# My latest, nothing fancy



## therichinc (Nov 11, 2015)

Here is my latest. It's a tactical 9" overall, 4 1/2" blade and 4 1/2" handle. D2 steel with a sandblasted and polished finish. Full flat grind with tappered tang. Handle is oak burl with checkering. I cannot begin to describe how good this knife feels in your hand. I have played with this design for almost 6 months and I think I finally have it perfect. It balances well. And the grip and feel are amazing.

Reactions: EyeCandy! 4 | Way Cool 7


----------



## ripjack13 (Nov 11, 2015)

Good show man! That is a fine looking slicer....

How do you do the checkering design?


----------



## Kevin (Nov 11, 2015)

I'm really digging that one. Not normally a fan of the whole skull motif except for pirate stuff but I really dig it on that knife. That scabbard work is awesome! Could you show the knife sheathed?

Reactions: Like 1


----------



## NYWoodturner (Nov 11, 2015)

Great looking knife Rich. I'd also like to know how you did the checkering. I can only imagine how much time that added...
I really like the texturing in the sheath too.

Reactions: Thank You! 1


----------



## therichinc (Nov 11, 2015)

@ripjack13 and @NYWoodturner - the checkering I do with a laser Engraver machine. It comes in handy. I can do a knife handle both sides in about 30-40 minutes.

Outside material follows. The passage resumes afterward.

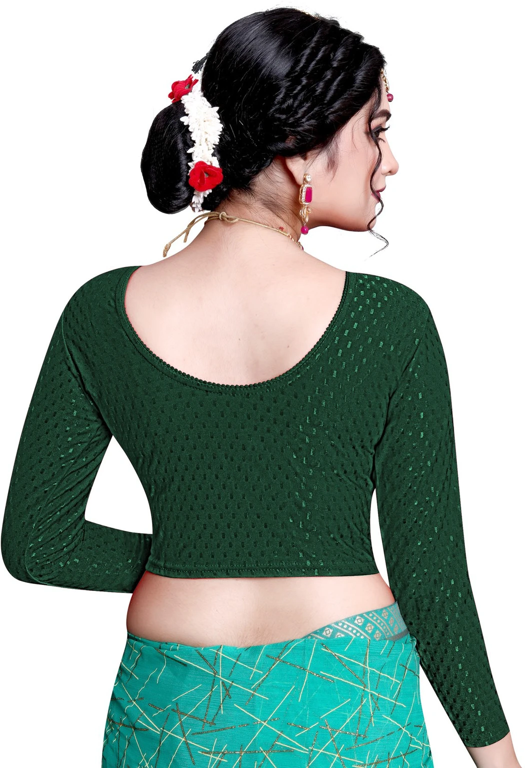 Elevate your wardrobe with this chic blouse crafted from stretchable Lycra fabric. The round neck design offers a classic and flattering silhouette, while the full sleeves provide a touch of elegance and versatility. The Lycra material ensures a comfortable, form-fitting shape that moves withyou, making it perfect for both casual and formal occasions. Embrace style and comfort with this must-have addition to your collection.

@Kevin - I will get a pic sheathed and post it in just a bit.

Reactions: Thank You! 1


----------



## therichinc (Nov 11, 2015)



Reactions: EyeCandy! 5


----------



## Jim Beam (Nov 11, 2015)

Very nice work! I would be proud to stab someone with that

Reactions: Agree 1 | Funny 2


----------



## Sprung (Nov 11, 2015)

That's a beauty! And it does look like it would fit very well in hand.

Reactions: Thank You! 1


----------



## ironman123 (Nov 11, 2015)

Super looking work Rich.

Reactions: Thank You! 1


----------



## Molokai (Nov 11, 2015)

Very nice man, really looks very comfortable. Is that a false sandblasted or real hamon on the blade

Reactions: Thank You! 1


----------



## TimR (Nov 12, 2015)

Wow...just wow....

Reactions: Thank You! 1


----------



## barry richardson (Nov 12, 2015)

Nice knife! I really like the handle, was the oak stabilized before you carved it, I find it very hard to carve detail in oak without chip-out...

Reactions: Thank You! 1


----------



## therichinc (Nov 12, 2015)

@Molokai - the bottom that looks like a hamon is just a buff line. I sharpen with a 220 then go to 15 micron, and then buff the edge.


----------



## therichinc (Nov 12, 2015)

@barry richardson - That is not hand carved. It is done with my laser engraver. But to answer the question yes everything is stabilized before I do any design work on it.

Reactions: Thank You! 1


----------



## Nature Man (Nov 12, 2015)

I love the knife, but the leatherwork is incredible almost beyond comprehension. Chuck

Reactions: Thank You! 1


----------



## bamafatboy (Nov 12, 2015)

Great looking knife, would be proud to own of those myself.

Reactions: Thank You! 1


----------



## therichinc (Nov 12, 2015)

@bamafatboy - I am still taking orders....lol just let me know


----------



## Foot Patrol (Nov 12, 2015)

Rich great looking knife as always.

Reactions: Thank You! 1


----------



## therichinc (Nov 13, 2015)

@Foot Patrol - thanks bud...You done any hunting lately? Next time your in come by and see us.


----------



## Foot Patrol (Nov 14, 2015)

Rich up in a stand now. Shot a little sow. If we make it back to Lufkin this afternoon I will hit you up.

Reactions: Agree 1


----------